Für 9 Milliarden kaufte Infineon dann 2019 Cypress Semiconductor, was der bisher größte Kauf der Firmengeschichte ist. Die Übernahme machte Infineon zu einem der 10 größten Halbleiterherstellern weltweit und zu einem der größten Halbleiterhersteller im Automotive-Bereich. Gerade den Speicher- und Connectivity-Markt konnte das Unternehmen durch die Akquise ausbauen.

Aber nicht alle Übernahmen klappten: 2017 wollte Infineon Wolfspeed, damals noch Cree, für 850 Millionen übernehmen, allerdings platzte der Deal nachdem die beiden Unternehmen den Vorgaben des CFIUS (Committee on Foreign Investment in the United States) nicht nachkommen konnten. Bereits damals erkannte Infineon die Bedeutung von Wide-Bandgap-Halbleitern und wollte sich frühzeitig Zugriff auf die Technologie sichern. Wolfspeed ist immer noch aktiv und gab im Februar 2022 bekannt, in Deutschland eine eigene SiC-Fertigung aufzubauen. Infineon arbeitet aber weiterhin mit Wolfspeed zusammen und schloss einen langfristigen Liefervertrag für SiC-Wafer.
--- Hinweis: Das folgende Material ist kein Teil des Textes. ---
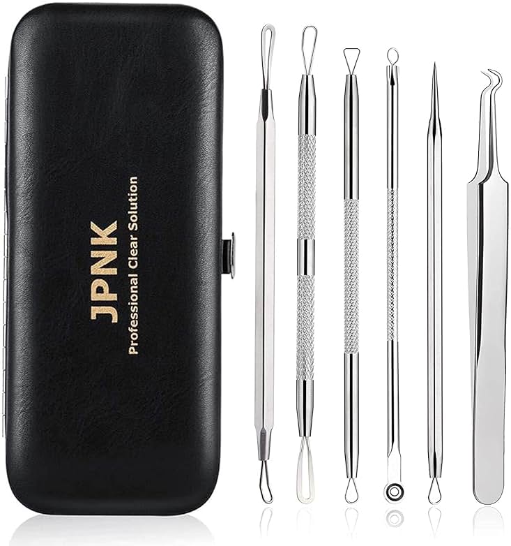 JPNK Blackhead Remover Comedone Extractor Acne Removal Kit.. | for Blemish, Whitehead Popping, 6 Pcs, Zit Removing, for Nose Face, Tools, with a Leather Bag
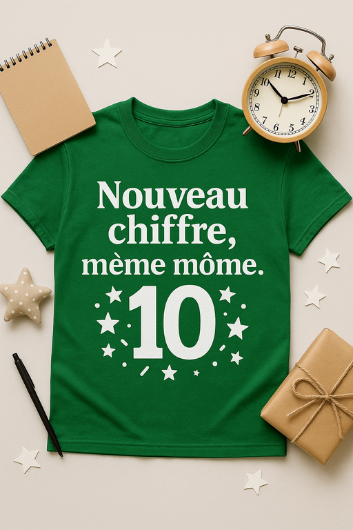 Grandir ? Oui. Changer ? Jamais ! Ce t-shirt « Nouveau chiffre, même môme » est l’arme parfaite pour ceux qui prennent un an de plus sans perdre leur âme d’enfant. Avec son message décalé et son style inimitable, il est fait pour tous les éternels mômes, peu importe leur âge. Confort, attitude et une bonne dose d’humour imprimée sur un coton doux comme un doudou. Portez-le fièrement à votre anniversaire (et le lendemain aussi, on ne juge pas) !
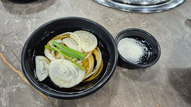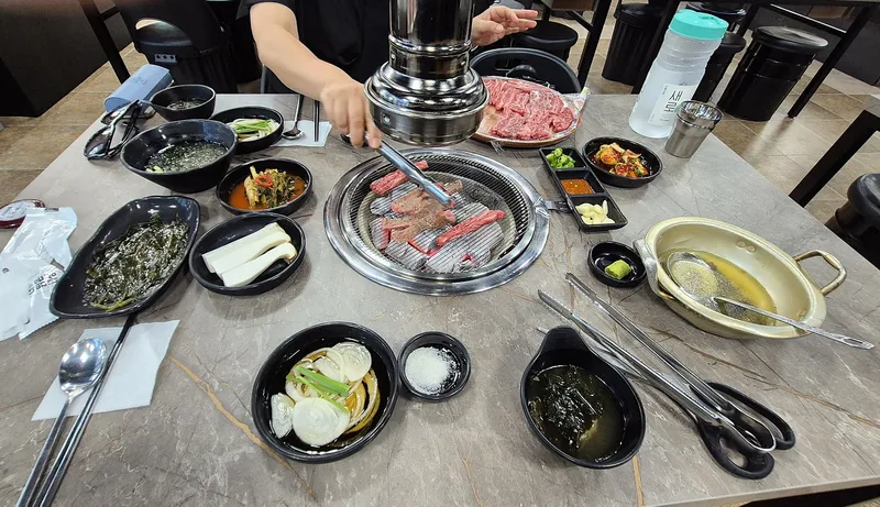 고기를 들고 자리에 앉자, 잠시 후 기본 반찬이 차려졌습니다. 한우가 들어간 미역국이 먼저 눈길을 끌었는데 깊고 깔끔한 국물 맛이 고기를 기다리는 입맛을 부드럽게 열어주었습니다.
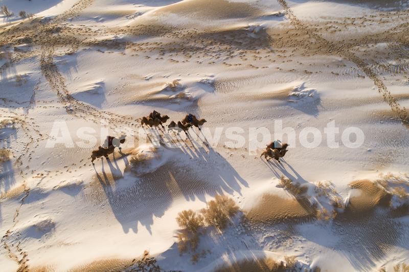 2019年12月29日冬日清晨 ,位于内蒙古巴彦淖尔市乌拉特后旗的巴音温都尔沙漠白雪皑皑、银装素裹,显得神奇而静谧,出牧的驼影与沙海构成一幅喜迎新年的民俗画卷。
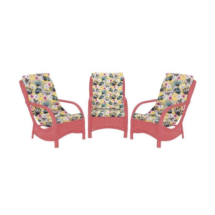 Decore a sua casa com os mais belos e confortáveis móveis, que dão requinte e elegância ao ambiente, são convidativos, lindos e práticos. Além de ecologicamente corretos, são produtos de qualidade, muito resistentes ao tempo. Produzida em estrutura de alumínio polido não enferruja, durabilidade cerca de 5 a 6 anos, Utilizando de maneira adequada tempo superior. material pode ser molhado e utilizado em áreas abertas. <br> <br> <br> <br> ITENS INCLUSOS<br> <br> <br> <br> - 3 Poltronas<br> <br> - 3 Almofadas Para Poltrona<br> <br> <br> <br> ESPECIFICAÇÃO DO PRODUTO<br> <br> <br> <br> MATERIAL DO ACABAMENTO: Fibra sintética com proteção UV.<br> <br> MATERIAL DA ESTRUTURA: Aluminium.<br> <br> SOLDA: Soldado MIG, de alta resistência.<br> <br> <br> <br> Ideal para ambientes externos, varandas, edículas, piscinas , área de lazer, salas de estar, sala de jogos, churrasqueiras, sala de filme, recepção, sala de espera entre outros.<br> <br> <br> <br> FABRICANTE: Click Móveis Artesanais<br> <br> GARANTIA: 12 meses Para Defeitos de Fabrica<br> <br> <br> <br> OBS:<br> <br> Fotos meramente ilustrativas. Tonalidades podem variar dependendo do monitor. Os objetos que ambientam as Fotos não acompanham o produto.<br> <br> Antes de comprar o seu produto verifique as medidas, o local onde pretende instalar e se necessário contratar o serviço de um profissional qualificado.
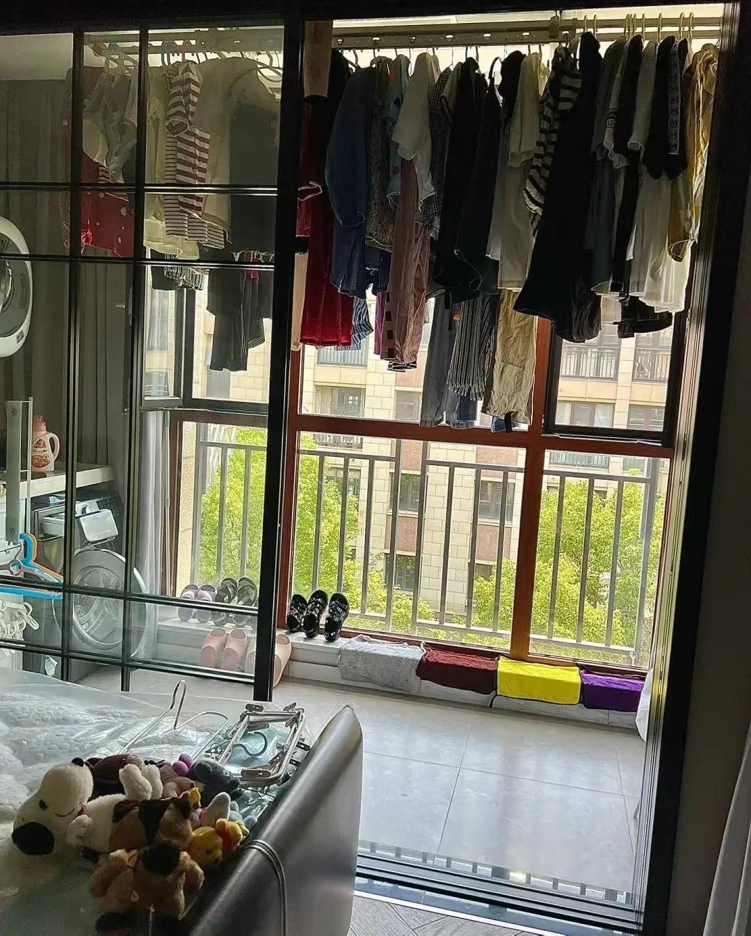 买商品房最怕冬天的阴雨天,一家老小的衣服挂在客厅的阳台上把屋子里的光线全挡住了,大白天都要开灯,这可怎么办呀? 好不容易花大价钱在城里买了个房子,现在晒衣服成了个难事,不仅小区的外面不能晒衣服,就是自家房子也不能晒在阳台的外面,只能晒在室内。夏天因为衣服比较薄,加上天气气温高,有风吹一吹晚上就干了!可是冬天的衣服很厚重,而且天气气温低,虽然洗衣机脱水了但一个礼拜还干不了。 最要命的是晒在阳台把整个光线都遮住了,大白天住在屋里面都没啥光线,给人的感觉很压抑,真的一点都不好!不像我们以前在农村住,房子前面就有大院子,院子里面搞几根竹竿随时都可以晒衣服,即使家里人口再多都不怕。有朋友建议我买一个带烘干的洗衣机,但是听说又非常耗电,所以现在非常纠结!不知道我们住城里的朋友到冬天是怎么把衣服晾干的?有没有好的方法互相分享一下。
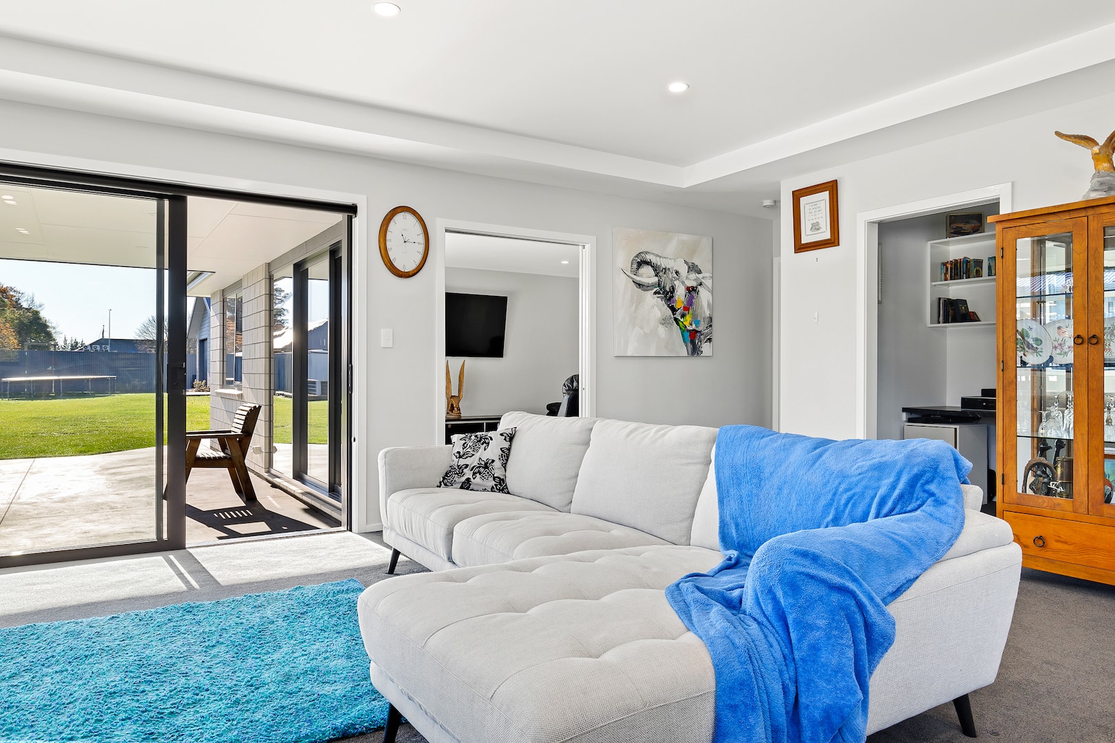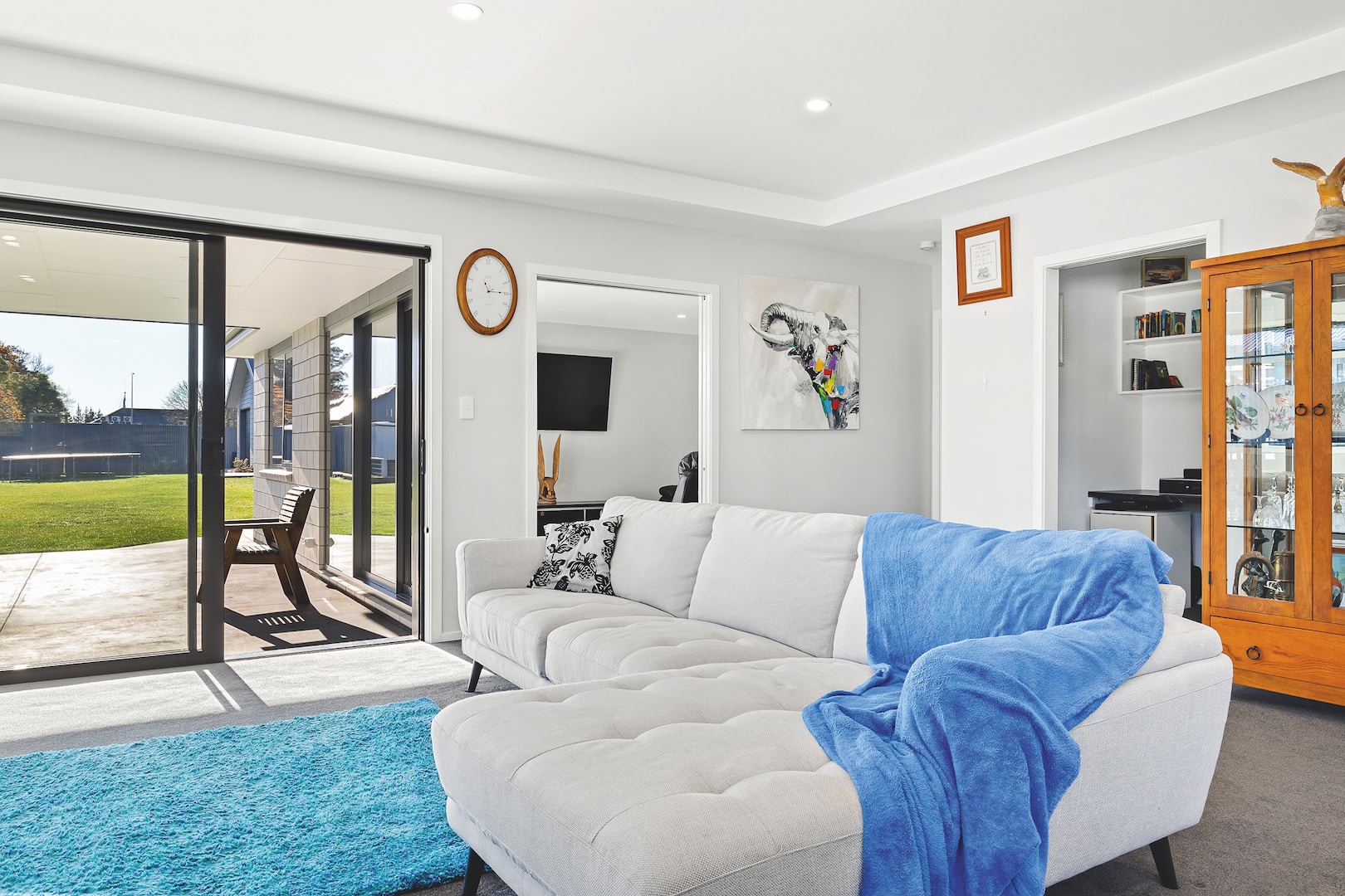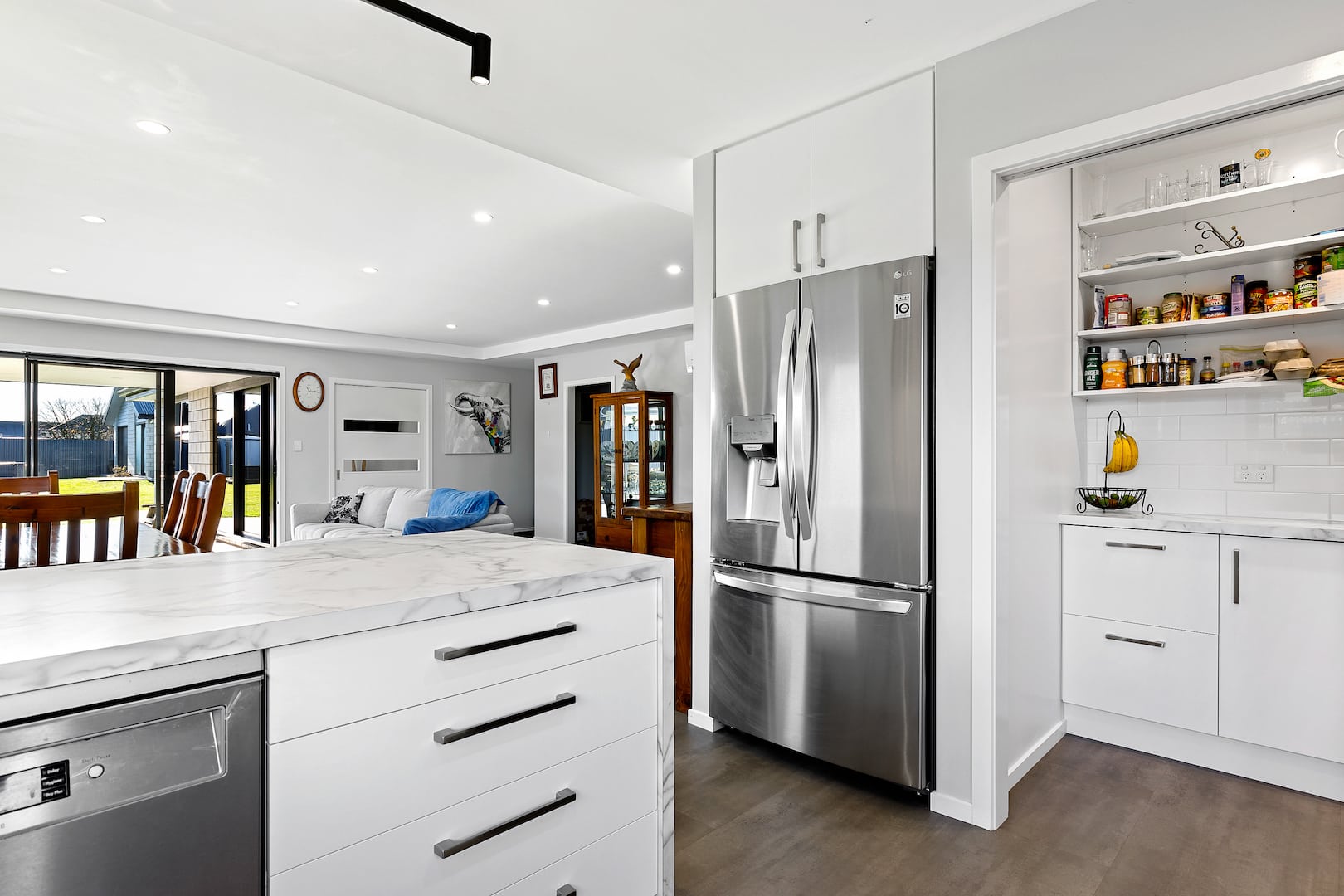 The entry leads into an open-plan living and kitchen zone with views to the street and a scullery that delivers plenty of storage and bench space. A raised ceiling in the dining-living room defines the space, which opens onto a covered patio.
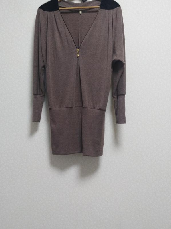 Платье туника удобное, мягкое, замеры по запросу, верх более свободно, вниз по бедрам, можно как платье, если кто носит короткие платья, плечи черного цвета,рукав широкий, зауженный к краю,груды можно регулировать застежкой, приятный цвет молочного кофе
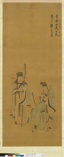 陳洪綬(西元一五九八-一六五二年),浙江諸暨人。字章侯,早年自號蓮沙彌,後號老蓮。明亡後,又號悔遲、勿遲。自小即富繪畫天才,四歲曾於白壁畫關公像,善山水,尤工人物。與崔子忠齊名,號南陳北崔。  福祿壽三星,二人拄杖,有持梅枝者,亦有執靈芝者。傅色清雅,線條清細圓勁,當為高古游絲描一系。陳洪綬屬變形主義,畫人物喜用誇張手法,作物體的變形。比例上往往不按規矩,或奇或怪,或加以扭曲,卻別有諧趣。
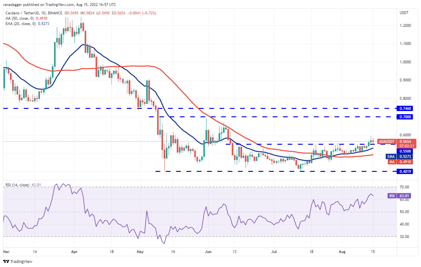 The price turned down on Aug. 15 and reached the breakout level of $0.55. The zone between $0.55 and the 20-day EMA ($0.53) is likely to attract strong buying by the bulls. If the price rebounds off this zone, the buyers will again attempt to resume the up-move and push the ADA/USDT pair to $0.63 and then to $0.70.
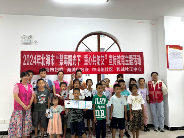 为提高未成年人的自我保护意识,远离毒品,营造珍视生命、阳光向上的精神风貌,8月15日上午,北海市妇联联合海城区妇联在中山路社区开展2024年北海市“禁毒阳光下 ‘童’心共防‘艾’”宣传教育主题活动。
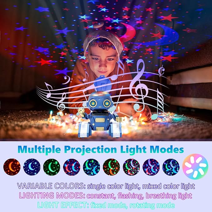 - ROBOT WITH PROJECTOR NIGHT LIGHT: The robot toy features an innovative projector function that projects 8 fascinating lights. Bedroom starry night light projector for kids is specially designed for children. Play with your child during the day and fall asleep at night

Infineon ist heute bekannt für seine Halbleiter im Bereich Automotive und Leistungselektronik.
Infineon ist heute bekannt für seine Halbleiter im Bereich Automotive und Leistungselektronik. (Bild: g0d4ather @ AdobeStock)

Audio & Auto: Samsung übernimmt Harmann

Harman mit seinen verschiedenen Marken ist vor allem bekannt für seine Audio-Lösungen im Consumer- und Automotive-Bereich, allerdings hat sich das Unternehmen in den letzten Jahren auch zu einem wichtigen Hersteller von Connectivity- und Software-Lösungen entwickelt. Gerade letzteres ließ sich Samsung 2016 rund 8 Milliarden US-Dollar kosten, um Fuß am Automotive-Markt zu fassen.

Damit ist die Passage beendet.